Quote From: jules1965One thing I NEVER did was bad-mouth their father to them, near them or even at all! It serves NO PURPOSE except to harm your own credibility!
I always figured it this way. I laid down and made these children and obvious I didn't do that alone.
So there was some 'attraction' or something for that to happen.
Why would I EVER let what might be my own personal opinion, harm the relationship between my daughters and their father.
I raised my daughters to be SMART and to make their own decisions and have their own opinions.
I figured that sooner or later they would draw their OWN conclusions without ANY input from me.
When my ex was over 7K in child support arrears and wanted to visit.......he visited regardless of my bank account.
I took care of my children very well WITHOUT that money and those girls saw me work 3 jobs for many years to take care of them.
I wasn't going to let a few dollars stand between my daughters relationship with their father!!
Fast forward, I have 2 mid-twenty year old daughters who have formed their OWN OPINION about their father.
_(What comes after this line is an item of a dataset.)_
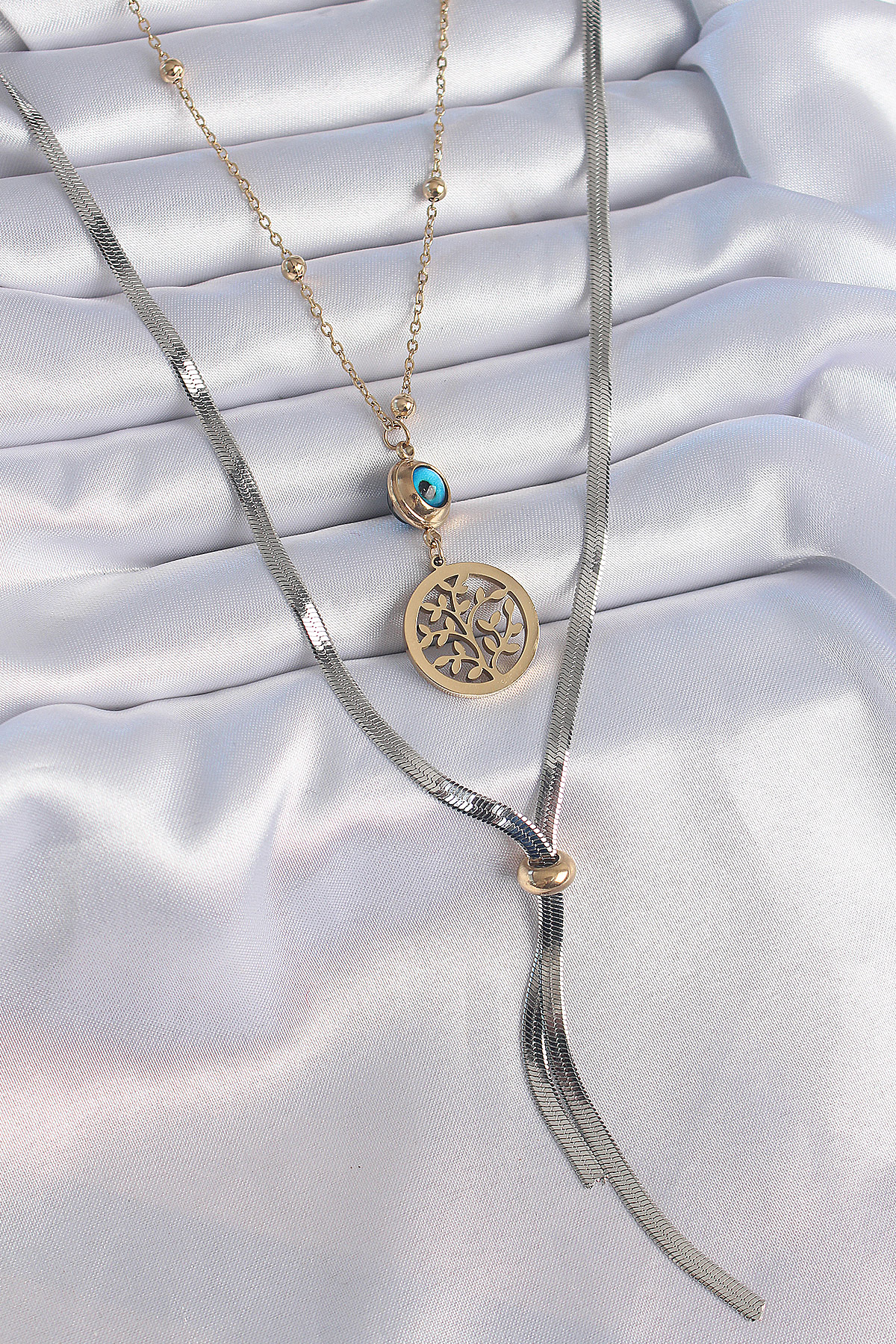 316L Çelik Mix Renk Filiz Figür Nazar Boncuk Detay Uzun Kadın Kolye - TJ-BKO9400

It isn't positive but HE did that on his OWN and I did NOT have to get involved!
Thankfully me and the ex were FRIENDS first and friends third. We've always been able to talk to each other rationally.
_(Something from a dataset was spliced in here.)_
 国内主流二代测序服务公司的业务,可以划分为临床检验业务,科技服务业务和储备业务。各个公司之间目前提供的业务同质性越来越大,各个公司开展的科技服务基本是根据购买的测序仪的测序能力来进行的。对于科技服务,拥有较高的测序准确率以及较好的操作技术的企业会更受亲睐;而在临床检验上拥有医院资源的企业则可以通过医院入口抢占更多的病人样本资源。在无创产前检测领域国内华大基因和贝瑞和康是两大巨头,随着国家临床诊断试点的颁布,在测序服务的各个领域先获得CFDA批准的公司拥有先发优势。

I always thought that the MORE PEOPLE that LOVED a child the better off that child would be. Their relationship can be (and should be) a separate entity.
Thankfully I was able to do that for my daughters! They do appreciate the way they were raised as they have thanked me many times.
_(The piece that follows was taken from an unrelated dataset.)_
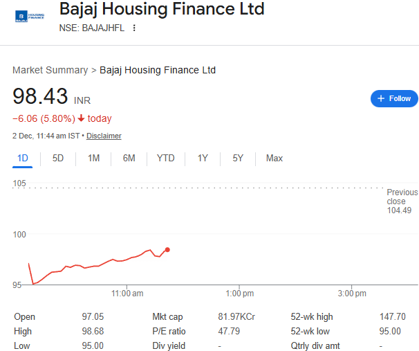 మొత్తం మీద, ఈ decline panicలో అమ్మేశేయాల్సిన type కాదు. ఇది mostly pre-planned promoter action వల్ల వచ్చిన short-term reaction మాత్రమే. Bajaj Housing Finance share price ప్రస్తుతం low levelsలో ఉన్నా, fundamentals strong గా ఉండటం పెద్ద plus point.

BTW, my ex hung himself with his behavior and now he has no contact with the kids. SAD FOR HIM!!
I try really hard to not bad mouth my son's dad. Sometimes it does slip out. However, my son is growing up and is realizing his dad's problems on his own. He knows his dad has anger problems and is a recovering drug addict. After all, he goes to the Kid allowed NA meetings. I have mixed feelings on that one. Maybe my son will learn from everyone elses's screwed up life to stay far away from drugs. He knows his dad only owns to his name...two messed up cars and nothing else. Here however, we have cars, own our home, he gets well feed daily. He doesnt alway know if he'll eat at his dad's so I always ask before I take him over if he has power and food. Sad isn't it.
But my son sees it for himself and I (unless I just simply lose it w/a panic attack) do not bad mouth his dad, because he is his dad and loves him anyway.